I've also tried an alternate definition of the tree type using "Pred" instead of "Succ", but that seems to lead to really bizarre types - it accepts obviously non-flat trees at a type indicating that the tree's height is zero (or actually, any CoNat? I want), because it accepts the existence of types such as "Pred (Co Zero)". Is this expected behavior (e.g., due to the open-world assumption) or should I file a bug report on that?

Changed 12 months ago by goldfire

  • cc eir@… added

Changed 9 months ago by nathanhowell

  • cc nathanhowell@… added

Changed 8 months ago by nfrisby

  • cc nfrisby added

Changed 8 months ago by igloo

  • owner set to simonpj
  • milestone set to 7.8.1

Simon, I'm no sure what the status of this is, but it looks like your area so I'm assigning it to you.

Changed 5 months ago by conal

  • cc conal@… added

Note  this discussion, which includes the subtlety of injective in various arguments (holding other fixed).

Changed 4 months ago by goldfire

  • related set to #4259

Also see the discussion in #4259, which is about strengthening type families along a different dimension. The two tickets are related.

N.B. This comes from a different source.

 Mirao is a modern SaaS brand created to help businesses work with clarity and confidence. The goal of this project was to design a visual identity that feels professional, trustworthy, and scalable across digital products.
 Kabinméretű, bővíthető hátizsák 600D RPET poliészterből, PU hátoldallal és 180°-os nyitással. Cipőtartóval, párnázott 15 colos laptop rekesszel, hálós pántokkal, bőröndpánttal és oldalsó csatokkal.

Changed 2 months ago by duairc

  • cc shane@… added

Changed 7 weeks ago by morabbin

  • cc andy.adamsmoran@… added

Changed 7 weeks ago by byorgey

  • cc byorgey@… added

Changed 7 weeks ago by morabbin

Noting for completeness: possibly related to #7205 and #5591.

Why I'm interested: I'm modeling the Java type system in Haskell (overload resolution in particular) a la chak and Andrew's Salsa, using type families and type functions heavily. Their code worked under earlier versions of GHC, but not under 7.4 and beyond.

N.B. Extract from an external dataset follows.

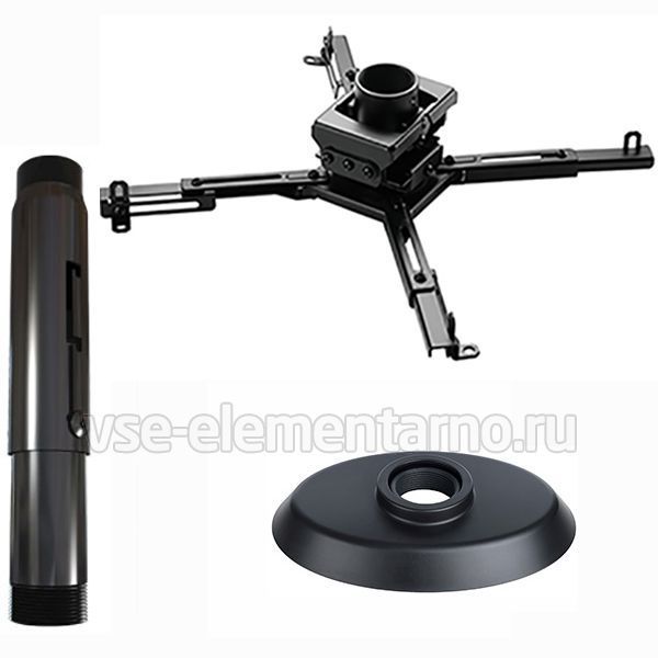 Универсальное потолочное крепление в черном цвете для проекторов весом до 35 кг c регулируемым расстоянием от потолка до проектора.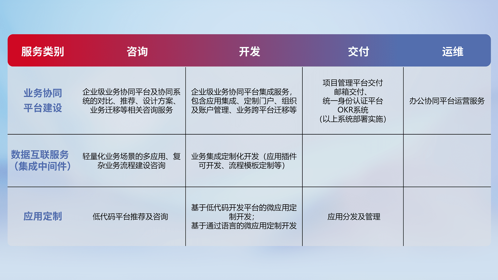 针对钉钉、、企微、、IDaas等平台级产品提供产品的规划、、、、方案、、、交付、、定制化开发等服务,,实现如统一协同办公、、、智能客户服务、、、混合会议管理、、、、智能数据查询、、等业务场景,,,实现数字化转型。。。。

Changed 7 weeks ago by simonpj

Andy, No version of GHC had injective families. If you have code that you think should work, and used to, and doesn't now, by all means submit a but report!

Simon

Changed 7 weeks ago by morabbin

It turns out I was missing -XscopedTypeVariables?. I'm still interested in injective type families, but it's not a blocker (and Manuel and Andrew's code still compiles).